Poor little guy, just wanted to be held by his mommy those first wee hours. I find that my newborns do best if they are held almost around the clock for the first couple of days, they are used to 24-7 contact and my wouldn't that be hard to get used to?! I've also found that when my milk comes in they are much more content to lay in a bed by themselves. Great post! We all learn so much through childbearing, it's a personal experience, I think that's what frustrates me about hospitals. They have these regimens that they want to hold every mother to when not every mother is comfortable with their schedule! We have absolutely loved our homebirthing experiences. Blessings!

ms said...

i can relate to so much of your processing! we are excited as well to persue a homebirth next time!! hubby always comforts me with the reminder that the little ones are so resiliant and won't remember the lessons we have learned at their (sadly) expense :) we begin to understand the strong mother ties to our babes! thank you for sharing!

Carrien said...

When my first was born I was so tired one morning I remember my MIL who was staying with us to help walked into the bedroom in the morning to ask me something and I just handed her the baby. I don't think I even said anything I just gave her the baby and went back to sleep for a couple of hours.

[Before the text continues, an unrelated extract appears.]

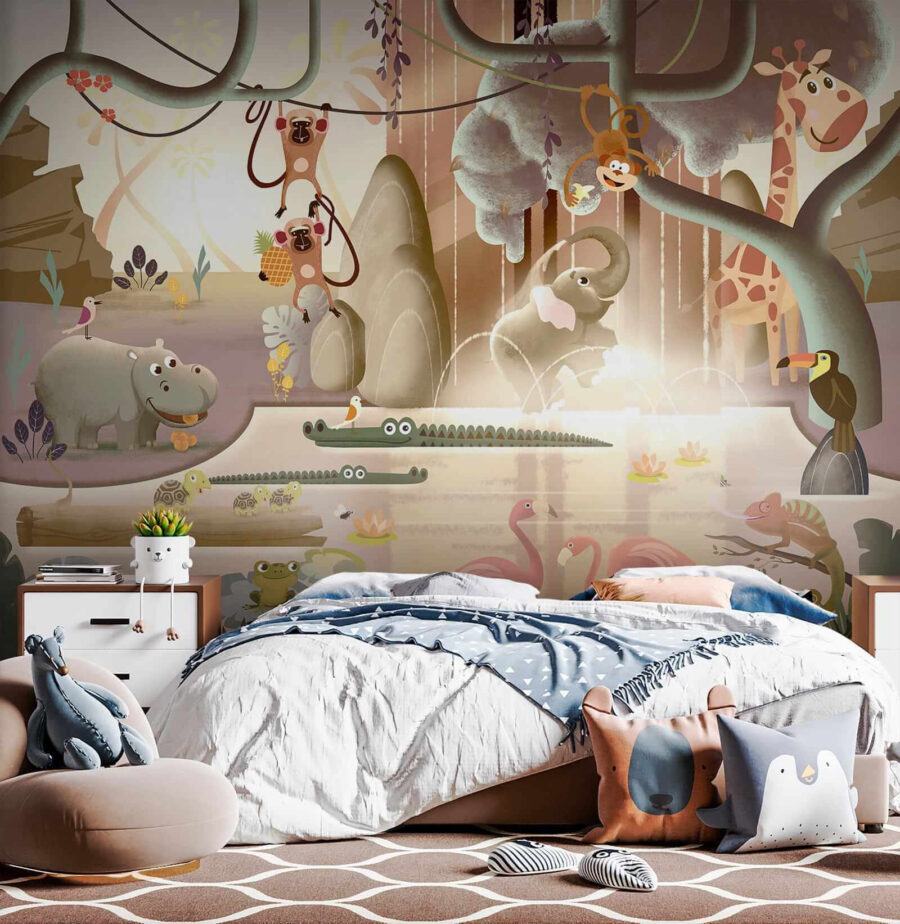 Imaginează-ți copilul trezindu-se în fiecare dimineață la această paradă de animale fericite. Culorile vesele și fețele prietenoase ar putea transforma chiar și cele mai somnoroase dimineți într-un început distractiv al zilei! Și sincer, cine nu și-ar dori să fie întâmpinat de un hipopotam prietenos care afișează un zâmbet mare și caraghios?

We learn, we get better, and thankfully the night in the nursery didn't damage him or mess with your bonding or breastfeeding.

That said, I way prefer to be at home after my babies are born. IT feels way more normal and restful than that hospital scene.

purple_kangaroo said...

That's too bad. At our birthing center they let me keep the babies in my bed if I wanted to, and the only reason they took the babies to the nursery was if they needed to hook them up to a machine or put them in the warmer.

I had all three of mine in a birthing center with midwives, and was happy with that experience.

I hope you get the experience you want next time.

Jennifer said...

I am an ENFP, too! Interesting! Maybe that's why we clicked so well?